The negative points of electric cars are:
- high prices;
- long charging times;
- reduced number of charging stations, but still, many more than hydrogen filling stations;
- reduced efficiency(-18,5%) and longer charging times at low temperatures;
- although it happens rarely, it can catch fire unexpectedly;
- rather reduced autonomy.
According to the Zap-Map database updated to 30th November 2022, the number of public UK charging points by speed was:
- 8926 slow charging points (3-6kW);
- 21114 fast charging points (7-22kW);
- 4501 rapid charging points (25-99kW);
- and 2211 ultra-rapid charging points (100kW+).
However, they do not include the many charge points installed at home or workplace locations, estimated to be more than 400,000.
The batteries in these vehicles have been known to overheat, burst into flames, or even explode. CNN reports that “Lithium-ion batteries, whether they’re in cars, smartphones or automobiles, can catch fire if they’ve been improperly manufactured, damaged or abused or if the software that protects the battery from getting too much or too little electric charge failed to do its job.” Although rare, fires caused by electric car batteries are very difficult to extinguish and risk setting neighbouring cars or other things nearby on fire.
Are electric cars ‘green’? Yes, if electricity from renewable sources is used. If not, pollution is always present, not where the car is used, but where energy is produced from fossil fuels.

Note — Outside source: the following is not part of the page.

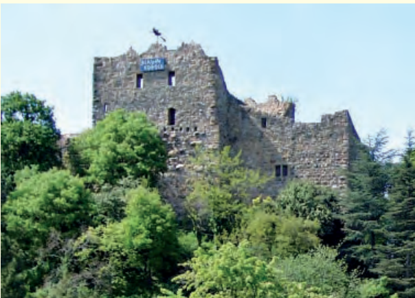
Blick zur Burg

Zum Bau der Burg – der erhaltene Kern stammt noch aus dem frühen 12. Jahrhundert – wurde Material aus der römischen Thermenanlage verwendet. Man nahm deshalb lange an, die Burg selbst sei ebenfalls römischen Ursprungs. Ihr dominantester und ältester Bereich ist der sehr gut erhaltene Palas mit spätromanischen Fensterbögen.

Is there a definitive solution?
What does the future hold? We don’t know for sure yet, but electric and hydrogen cars will have a place in the mobility of the future when the technologies are fully developed and the problems minimised. Electric cars will probably replace petrol cars and hydrogen cars the diesel. But this is just a personal hypothesis.
Until then, we will use our old cars together with electric and hybrid cars.
Alternative fuels (e-fuels, also called electro-fuels, powerfuel or Power-to-X (PtX)) should also be mentioned. These could give internal combustion engines a new chance in the energy transition. Still, according to an analysis by www.transportenvironment.org, they will only cover 5 million of the estimated 287 million cars in 2035. They are considered to be highly inefficient because more energy is consumed to produce them than using electric cars directly. In addition, according to another analysis made by the same site, the greenhouse gas reduction with the use of e-fuels would be around 5-7%, not enough to be a viable alternative to traditional fuels.